Sorry if this is a silly question, even though they're all owned under the same company do TJ Maxx, Marshall's and Home Goods all carry the same stuff or does it differ on the store?


----------



## Vsalz

Generally yes, but their inventory is haphazard and spotty. So just because one location of any one store gets something, there is no guarantee it will show up anywhere else. And if it's sold, there's no guarantee they will get more. So if you want it, you must buy it when you see it


----------



## RCIAG

For anyone that's looking for anything you want, whether it's a broom or a pumpkin or a bust, please GRAB STUFF NOW IF YOU WANT IT & CAN AFFORD IT, IT WON'T BE THERE COME OCTOBER!!
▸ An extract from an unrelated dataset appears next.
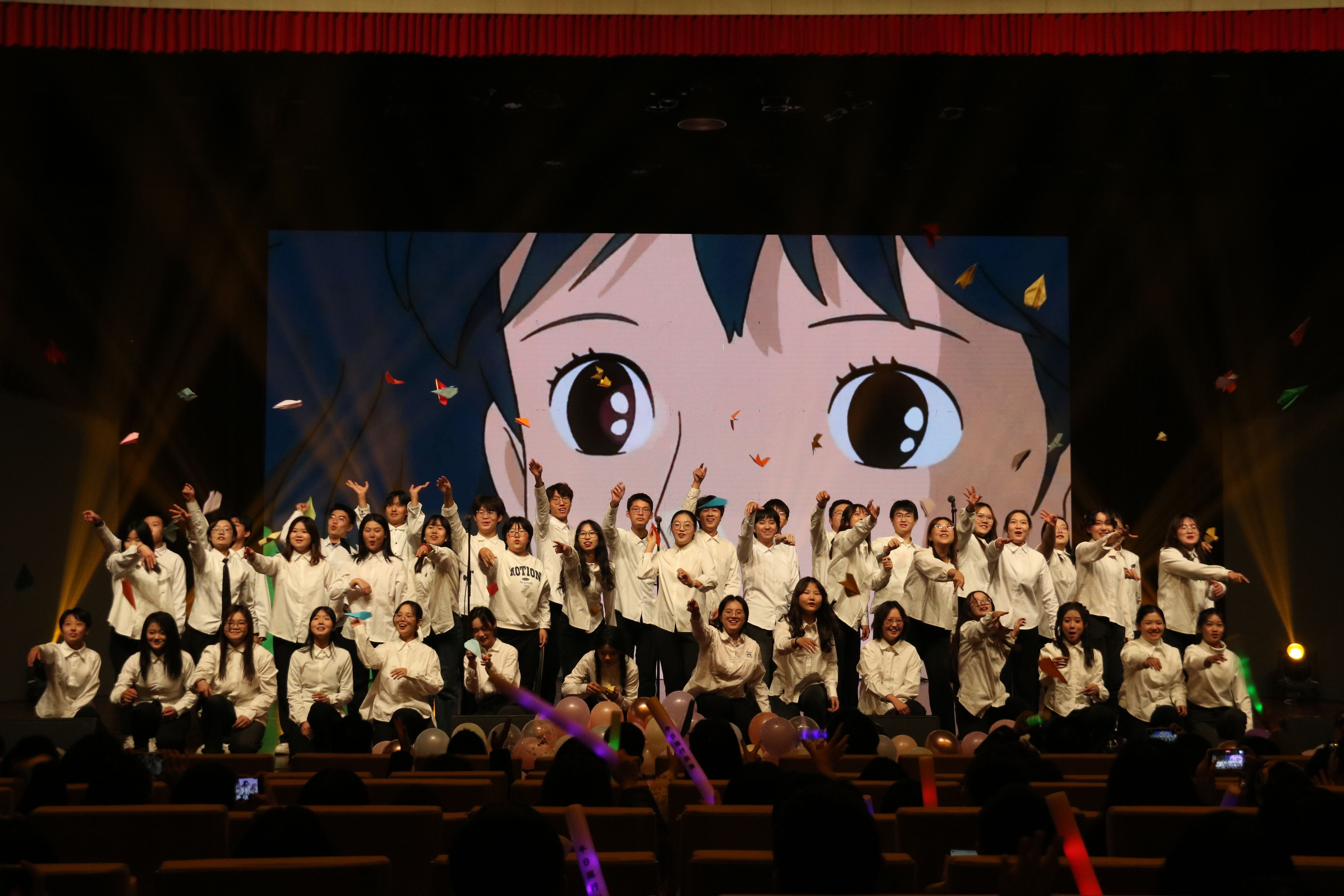 晚会已接近尾声,BB贝博艾弗森员工组织工作人员唱响《陪你度过漫长岁月》,分享同一份喜悦与感动,守护同一份热诚与真挚。最后,全体演职员合影留念,2023级迎新晚会到此圆满落下帷幕。

That can't be said enough & should be said on the top of every page of this thread!!

I know we all like to wait for sales but there are no sales at these stores & there's no "back room" stuff usually. If it's on the floor that's it. They'll get a couple of shipments but even by Sept. when the "normals" start thinking of Halloween it will be slim pickings on certain stuff.


----------



## miss_halloween

RCIAG said:


> For anyone that's looking for anything you want, whether it's a broom or a pumpkin or a bust, please GRAB STUFF NOW IF YOU WANT IT & CAN AFFORD IT, IT WON'T BE THERE COME OCTOBER!!
> 
> That can't be said enough & should be said on the top of every page of this thread!!
> 
> I know we all like to wait for sales but there are no sales at these stores & there's no "back room" stuff usually. If it's on the floor that's it. They'll get a couple of shipments but even by Sept. when the "normals" start thinking of Halloween it will be slim pickings on certain stuff.



Hi all! Just wanted to second what this previous poster has said!
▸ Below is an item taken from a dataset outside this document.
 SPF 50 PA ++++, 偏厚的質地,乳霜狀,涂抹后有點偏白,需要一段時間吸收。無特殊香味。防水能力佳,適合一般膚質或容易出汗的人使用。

I worked at HomeGoods for 8 years during high school and college (yes, it was a joy - I got the first pick of all the Halloween items each year and my heart was happy). It is true. If you do not buy what you like when you see it, you are running a huge risk of never seeing it again.

Particular items will come in every year, but then there are select items that will never come in again. As a cashier, customers would always say to me, "I was just here earlier, and now 'such and such' is gone!" -- to which I'd always reiterate, "you have to get it when you see it".
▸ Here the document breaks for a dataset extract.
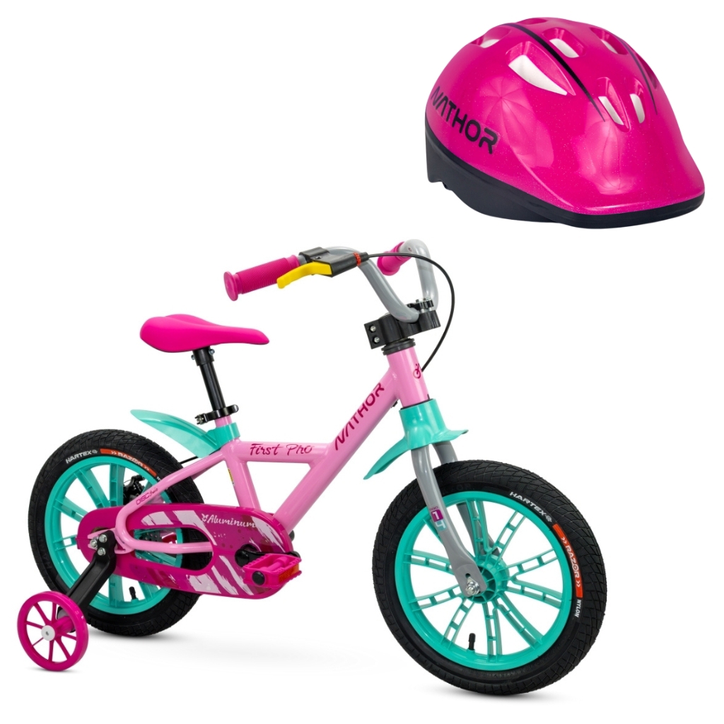 Bicicleta Infantil Aro 14 First Pro Feminina 4 Rosa E Capacete

The return policy is 30 days with your receipt to get your money back or after 30 days or without your receipt (w/ price tags still on item) is store credit. So, the worst that can happen is that you end up getting store credit... but I'd hate to see anyone on here miss out on an item that they truly love. Whether that means it's an impulse buy or not.

Happy Halloween hunting, friends!!!


----------



## disembodiedvoice

I drove by two TJ Maxx's and a Marshalls today and passed on going in because I told myself it was too early. I did go into HG and there was nothing, not even a open shelf. If I have time going to check out TM ! I can't believe I skipped it. I want one of the hats and some boots. My store had 2 of the brooms last year and they stayed in the store for over a month, I passed on them each time but now hearing so many people want one, I now want one too. I do that every year, get swept up in the hysteria and buy toooo much crap !


----------



## LairMistress

Misfit Ghoul said:


> Sorry if this is a silly question, even though they're all owned under the same company do TJ Maxx, Marshall's and Home Goods all carry the same stuff or does it differ on the store?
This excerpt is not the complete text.